Collected data –
'''

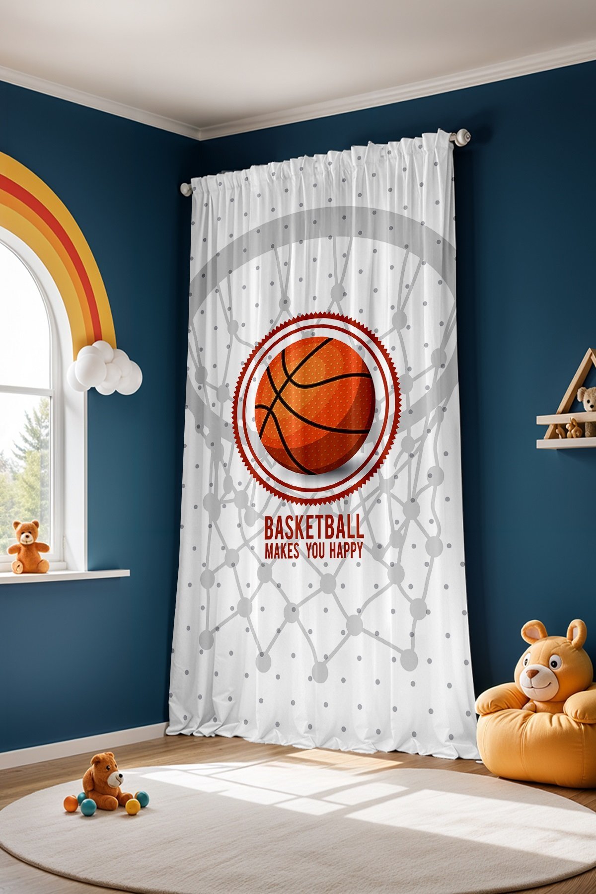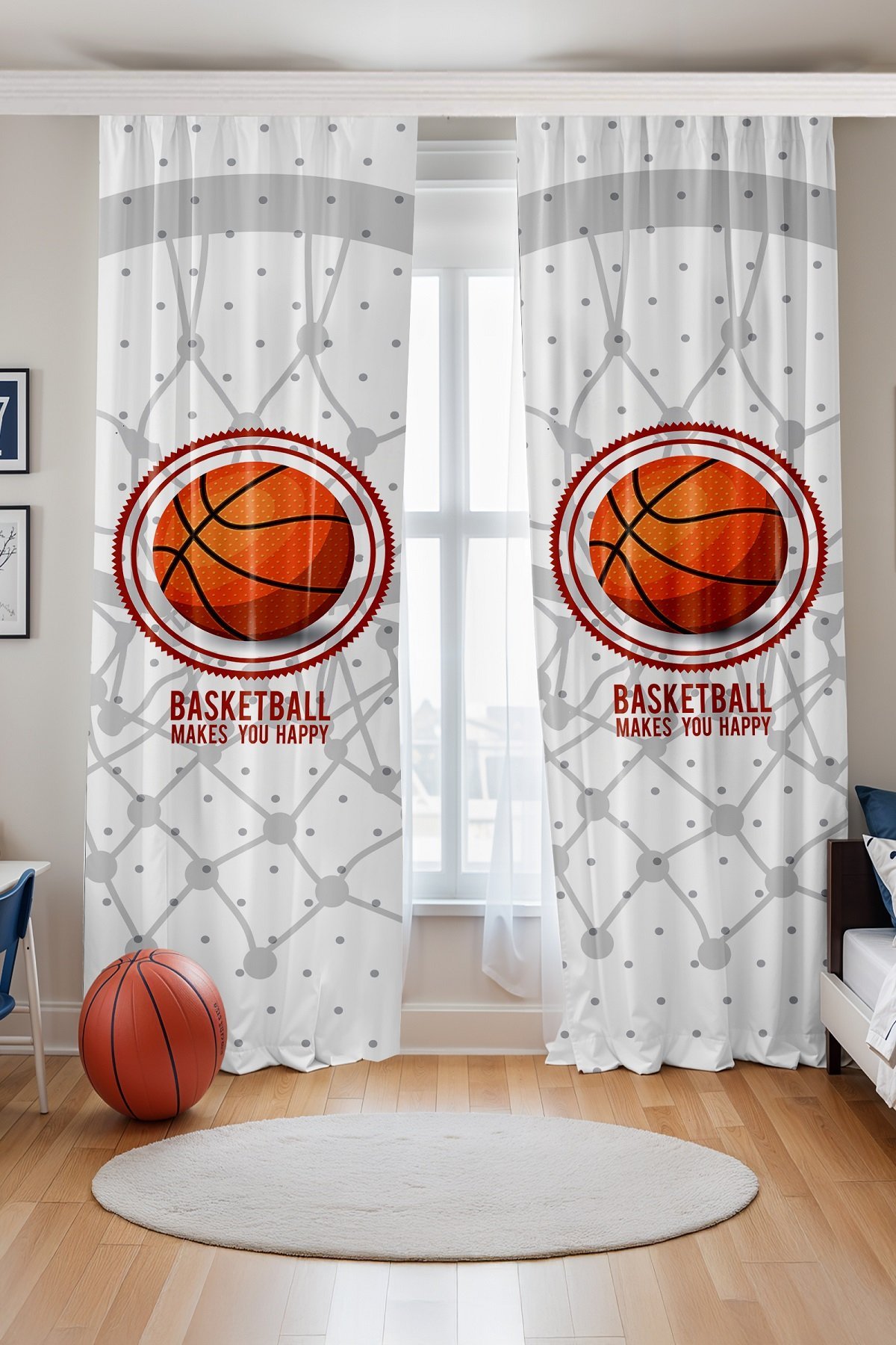 Basketbol Potası Desenli Çocuk Bebek Odası Fon Perde (Tek Kanat Fiyatlandırma)
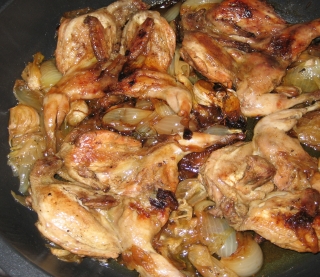 Casi a continuación añadimos las cebollas cortada (tipo barco), y lo dejamos que se vaya haciendo a fuego lento, removiendo y girando las codornices de vez en cuando.
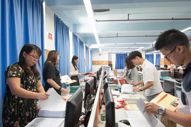 整齐叠放、等待填充的通知书封壳、依次放进各种入学材料、仔细核对投递信息、进行最后的检查、封装!每条流水线,根本停不下来!
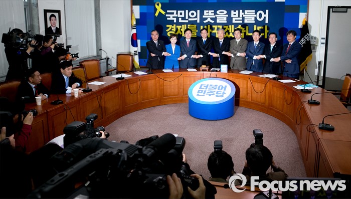 (서울=포커스뉴스) 김종인 더불어민주당 비대위 대표와 비대위원들이 18일 오전 서울 여의도 국회에서 비상대책위원회의에 앞서 취재진을 향해 포즈를 취하고 있다. 왼쪽부터 이개호, 김현미, 김영춘, 진영 비대위원, 김 대표, 이종걸 원내대표, 양승조, 정성호, 이춘석 비대위원.

'''

Problem –
The response must repeat all the lines above exactly and include no pictures.

Task output –
 Basketbol Potası Desenli Çocuk Bebek Odası Fon Perde (Tek Kanat Fiyatlandırma)
 Casi a continuación añadimos las cebollas cortada (tipo barco), y lo dejamos que se vaya haciendo a fuego lento, removiendo y girando las codornices de vez en cuando.
 整齐叠放、等待填充的通知书封壳、依次放进各种入学材料、仔细核对投递信息、进行最后的检查、封装!每条流水线,根本停不下来!
 (서울=포커스뉴스) 김종인 더불어민주당 비대위 대표와 비대위원들이 18일 오전 서울 여의도 국회에서 비상대책위원회의에 앞서 취재진을 향해 포즈를 취하고 있다. 왼쪽부터 이개호, 김현미, 김영춘, 진영 비대위원, 김 대표, 이종걸 원내대표, 양승조, 정성호, 이춘석 비대위원.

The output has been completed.